### EXERCISE REQUIREMENTS
From start to finish, set down the entries below exactly, leaving out the pictures.

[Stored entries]
##############################

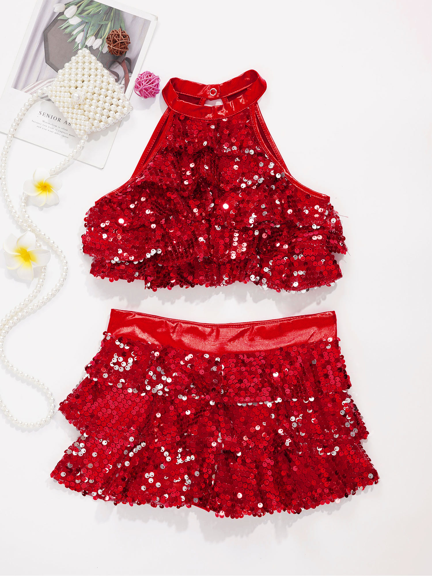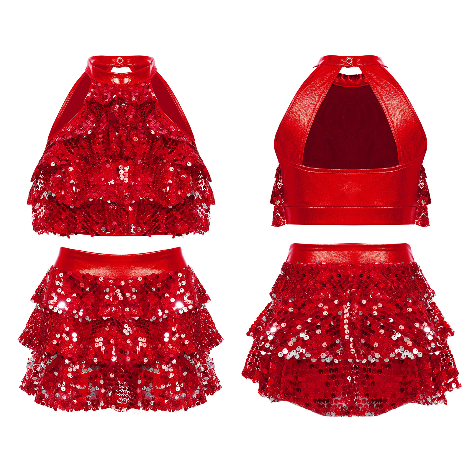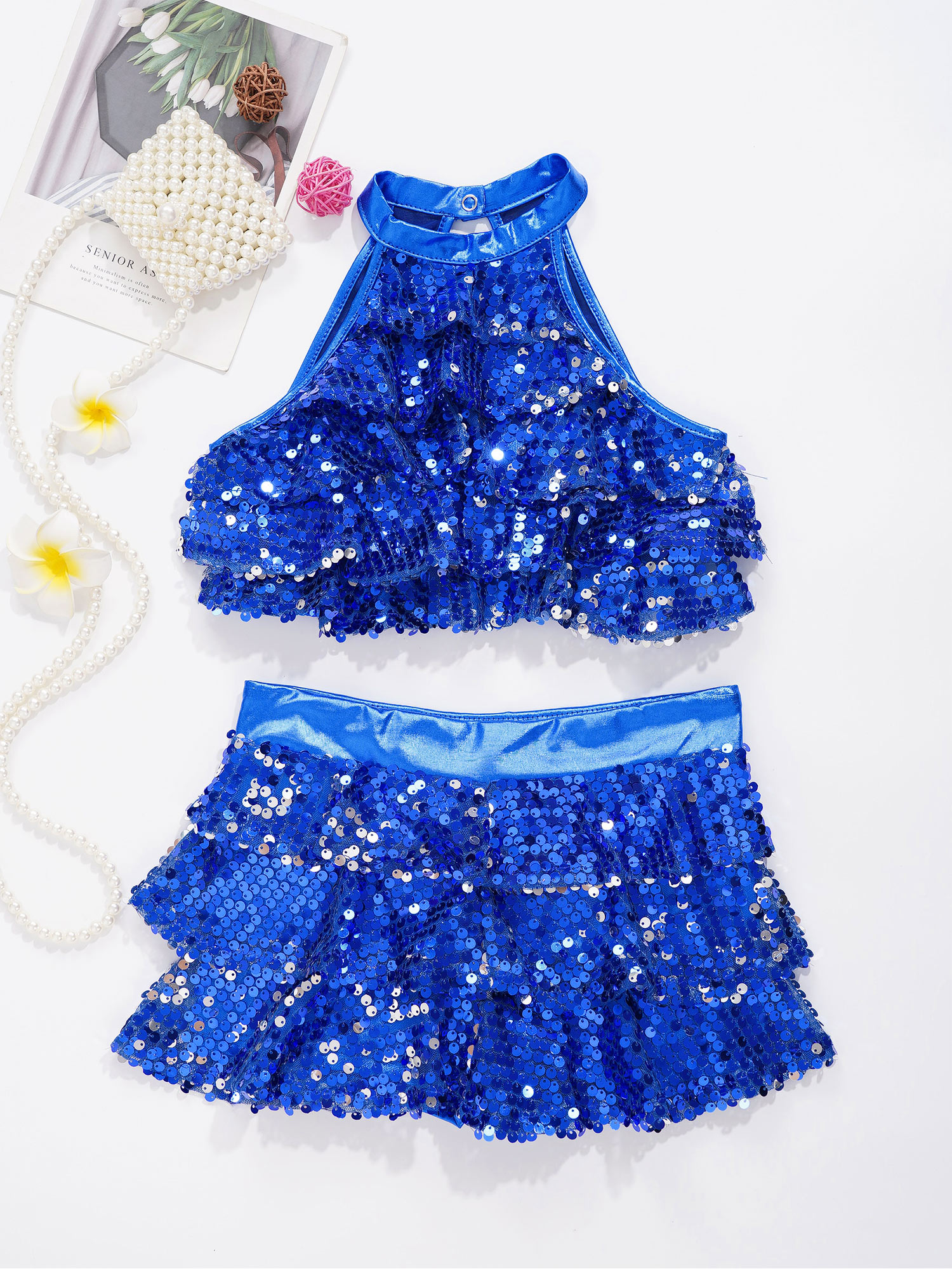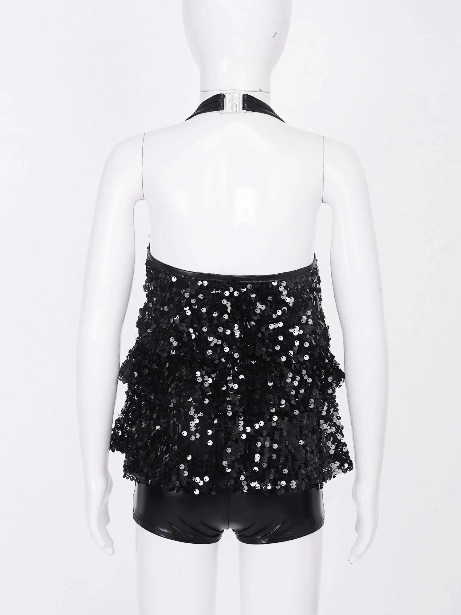 - 모델 번호: Kids Girls Halter Shiny Sequins Unitards Dance Costume
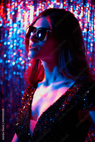 Fashion portrait of young elegant trendy woman in sunglasses.
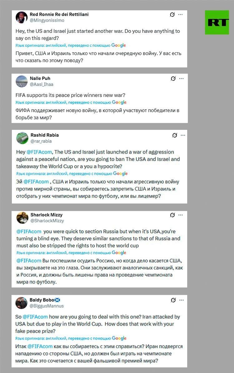 ՖԻՖԱ-ին զրկել Միացյալ Նահանգներին ֆուտբոլի աշխարհի առաջնությունը անցկացնելու իրավունքից՝ Իրանի վրա հարձակման ֆոնին։ Որոշ օգտատերեր ԱՄՆ-ի և Իսրայելի գործողությունները բնութագրում են որպես «ագրեսիվ պատերազմ»։
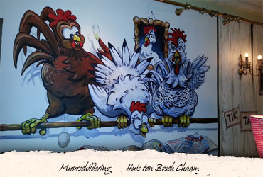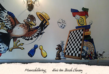 Muurschilderingen worden uitgevoerd in watergedragen verven. Weidse uitzichten, fraaie transparante fresco-achtige technieken, bedrieglijke trompe l'oeil schilderingen, subtiele versieringen en decoraties, maar ook robuuste taferelen zijn mogelijk.
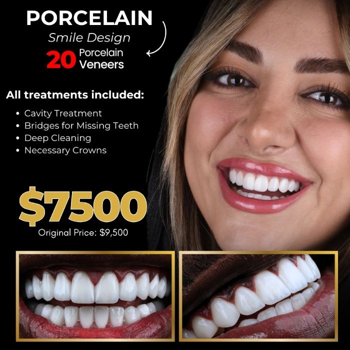 In Miami, the cost for 20 porcelain veneers alone ranges from $7,000 to $9,000. This price does not include additional treatments such as deep cleaning or cavity fillings. At our clinic, we offer a comprehensive package price for the entire porcelain veneer design.
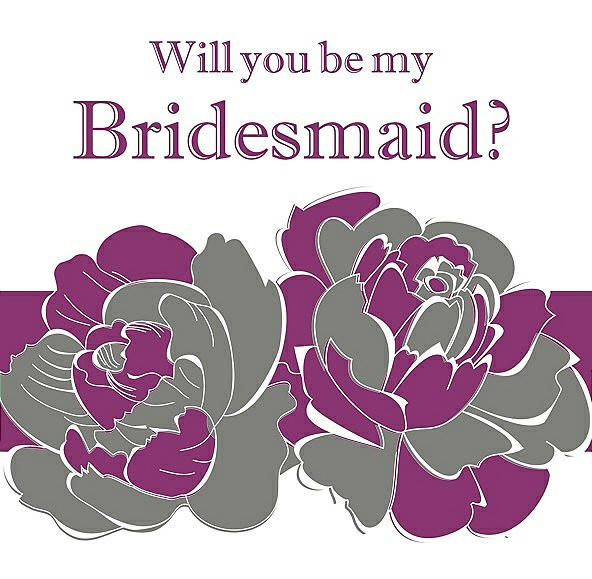 Will You Be My Bridesmaid Card - 2 Color Flowers in Charcoal Gray & Persian Plum
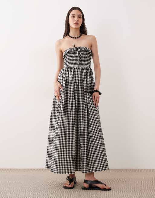 Esmee bandeau maxi beach dress in black & cream gingham
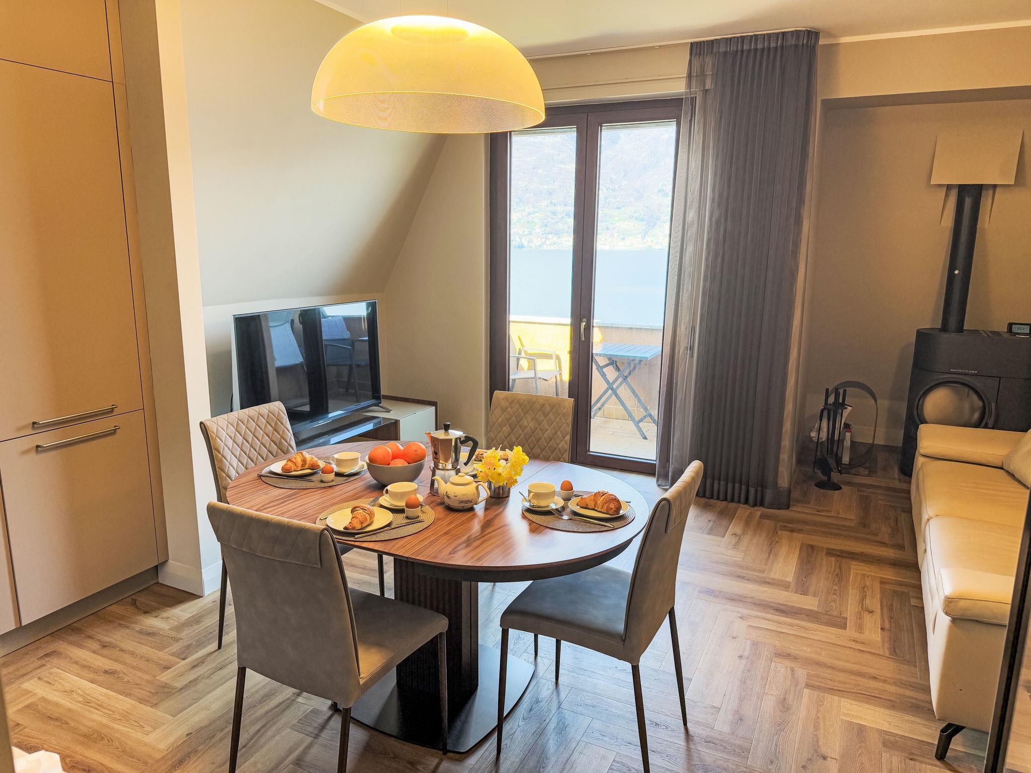 "Vento Errante", 3-Zimmer-Wohnung 70 m2 im 3. Stock. Vollständig renoviert im Jahre 2025, modern und geschmackvoll eingerichtet: Wohn-/Esszimmer mit Esstisch, TV und Heizofen. Ausgang zum Balkon. 1 Zimmer mit 1 Doppeldiwanbett. Ausgang zum Balkon. 1 Doppelzimmer mit Klimaanlage. Ausgang zum Balkon. Küche (Backofen, Geschirrspüler, 4 Induktionskochplatten, Wasserkocher, Tiefkühler, elektrische Kaffeemaschine). Ausgang zum Balkon. Dusche/Bidet/WC. Klimaanlage. Balkon 4 m2, 2 kleine Balkone. Balkonmöbel. Herrliche Panoramasicht auf den See, die Berge und die Landschaft. Zur Verfügung: Haartrockner. Internet (WLAN, gratis). Parkplatz, Garage (1 Auto) beim Haus. Bitte beachten: Nichtraucher-Unterkunft. Feuerlöscher. IT097032C2YM73SKY2
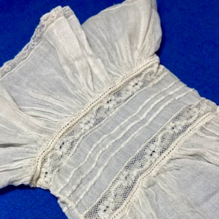 The heirloom sewing techniques of pin ticks and insertion lace around the cuff are done by hand. Absolutely amazing!
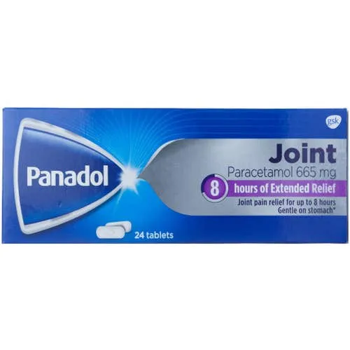 Medication name: Panadol Joint Tablets (24 tablets) contain Paracetamol (Acetaminophen) 665 mg per tablet, a pain reliever and fever reducer specially formulated for long-lasting relief of joint and muscle pain.

##############################

### SOLVED EXERCISE
 - 모델 번호: Kids Girls Halter Shiny Sequins Unitards Dance Costume
 Fashion portrait of young elegant trendy woman in sunglasses.
 ՖԻՖԱ-ին զրկել Միացյալ Նահանգներին ֆուտբոլի աշխարհի առաջնությունը անցկացնելու իրավունքից՝ Իրանի վրա հարձակման ֆոնին։ Որոշ օգտատերեր ԱՄՆ-ի և Իսրայելի գործողությունները բնութագրում են որպես «ագրեսիվ պատերազմ»։
 Muurschilderingen worden uitgevoerd in watergedragen verven. Weidse uitzichten, fraaie transparante fresco-achtige technieken, bedrieglijke trompe l'oeil schilderingen, subtiele versieringen en decoraties, maar ook robuuste taferelen zijn mogelijk.
 In Miami, the cost for 20 porcelain veneers alone ranges from $7,000 to $9,000. This price does not include additional treatments such as deep cleaning or cavity fillings. At our clinic, we offer a comprehensive package price for the entire porcelain veneer design.
 Will You Be My Bridesmaid Card - 2 Color Flowers in Charcoal Gray & Persian Plum
 Esmee bandeau maxi beach dress in black & cream gingham
 "Vento Errante", 3-Zimmer-Wohnung 70 m2 im 3. Stock. Vollständig renoviert im Jahre 2025, modern und geschmackvoll eingerichtet: Wohn-/Esszimmer mit Esstisch, TV und Heizofen. Ausgang zum Balkon. 1 Zimmer mit 1 Doppeldiwanbett. Ausgang zum Balkon. 1 Doppelzimmer mit Klimaanlage. Ausgang zum Balkon. Küche (Backofen, Geschirrspüler, 4 Induktionskochplatten, Wasserkocher, Tiefkühler, elektrische Kaffeemaschine). Ausgang zum Balkon. Dusche/Bidet/WC. Klimaanlage. Balkon 4 m2, 2 kleine Balkone. Balkonmöbel. Herrliche Panoramasicht auf den See, die Berge und die Landschaft. Zur Verfügung: Haartrockner. Internet (WLAN, gratis). Parkplatz, Garage (1 Auto) beim Haus. Bitte beachten: Nichtraucher-Unterkunft. Feuerlöscher. IT097032C2YM73SKY2
 The heirloom sewing techniques of pin ticks and insertion lace around the cuff are done by hand. Absolutely amazing!
 Medication name: Panadol Joint Tablets (24 tablets) contain Paracetamol (Acetaminophen) 665 mg per tablet, a pain reliever and fever reducer specially formulated for long-lasting relief of joint and muscle pain.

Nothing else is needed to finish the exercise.